Optimum Power Allocation Policies for an Energy Harvesting Wireless Transmission System Under Energy Storage Losses

Abstract

This research work presents an energy harvesting model in which the transmitter harvests energy from the surrounding environment and stores it in an imperfect battery. Inevitably, this harvested energy has two kinds of extra consumption: battery storage losses and circuit power consumption. Towards this end, a single-user channel model is considered to determine the optimum power allocation policies for static and fading channels. The objective is to maximize the average throughput of an energy harvesting wireless transmission system within a finite time fraction during which transmission occurs. The throughput maximization problem is formulated with joint constraints viz., finite sized battery, circuit power consumption and limited amount of transmit power and solved using convex optimization techniques. Specifically, Lagrange multiplier method and Karush-Kuhn-Tucker (KKT) conditions are used to solve the proposed optimization problem.
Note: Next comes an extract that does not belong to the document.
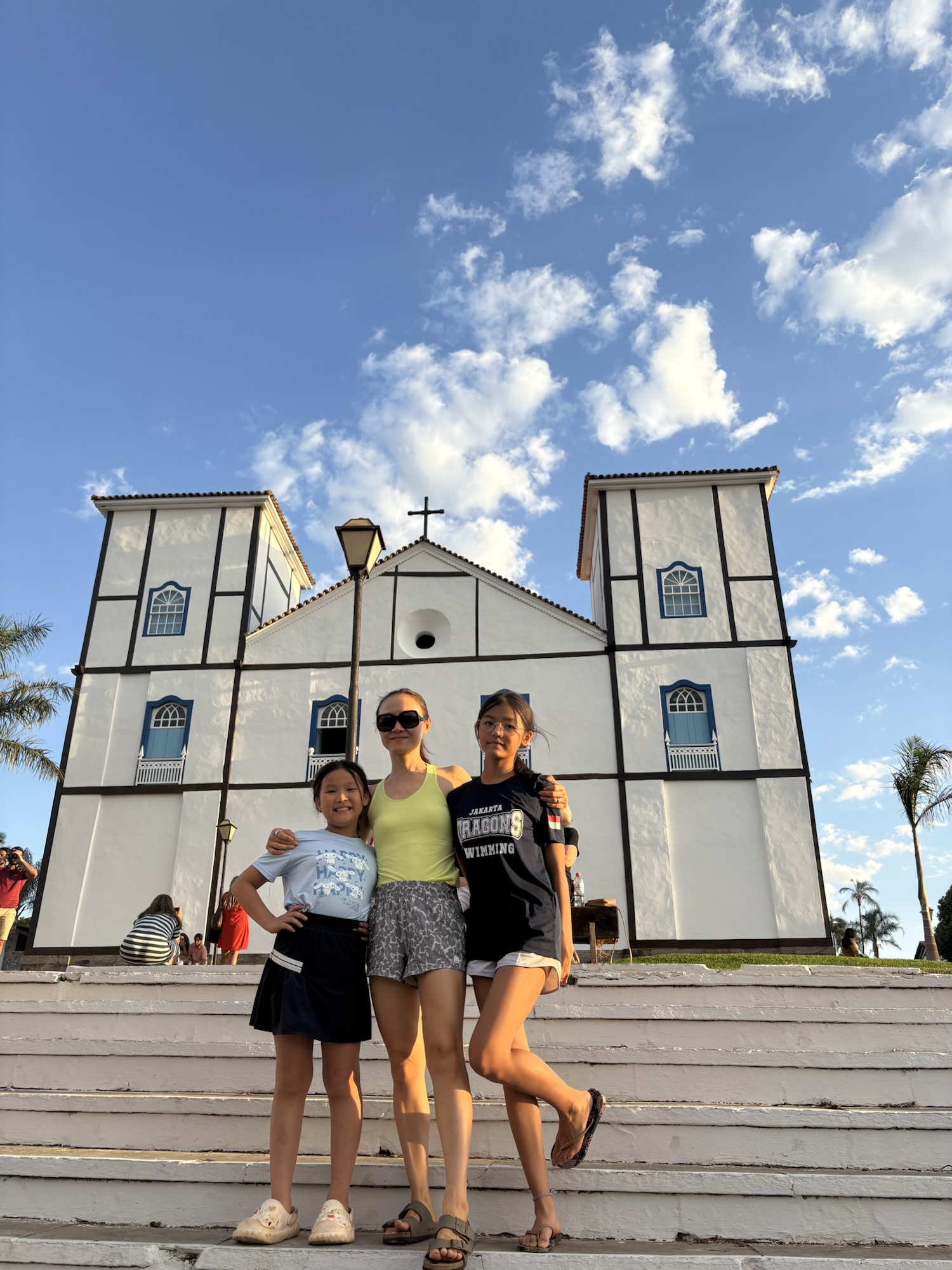 We went to visit the colonial town 2.5 hrs away from Brasilia this weekend. It was quite an adventure. We left home around 9:30am on Saturday (after my LR and Lizzy’s piano class), targeting to reach Rosario waterfall by 12pm the latest. That is the “biggest” waterfall in the area so I thought we should check that one out first. Two hours later, GPS suggested a shortcut so we followed. To our BIG surprise, it was an off-road, narrow, big and small rocks, rolling hills, almost undrivable, and the map keeps alerting me that there’s reported wild fire where we were heading. Halfway to the road we realized we should not have taken this road but it was too late. There’s only way out, keep moving forward. At certain points, we had to stop to remove the tree, down from the wild fire. There are many rocks, I walked along side the car to remove the really big ones. At that point, I was worried about the fire, husband was worried about flat tire. 30km took us almost 2 hours and we finally arrived to the waterfall around 1:30pm, relieved and exhausted due to the stress.

An optimum offline power allocation policy is proposed and an algorithm is provided to find optimum thresholds for power allocation. Moreover, an online power allocation policy is derived and an algorithm is provided with harvested energy available causally at the transmitter. For online algorithm, we consider adaptive thresholds that varies with storage efficiency and value of epoch. Simulation results show that the proposed offline and online algorithms have outperformed the earlier work focused on considering energy storage losses for energy harvesting wireless transmission systems.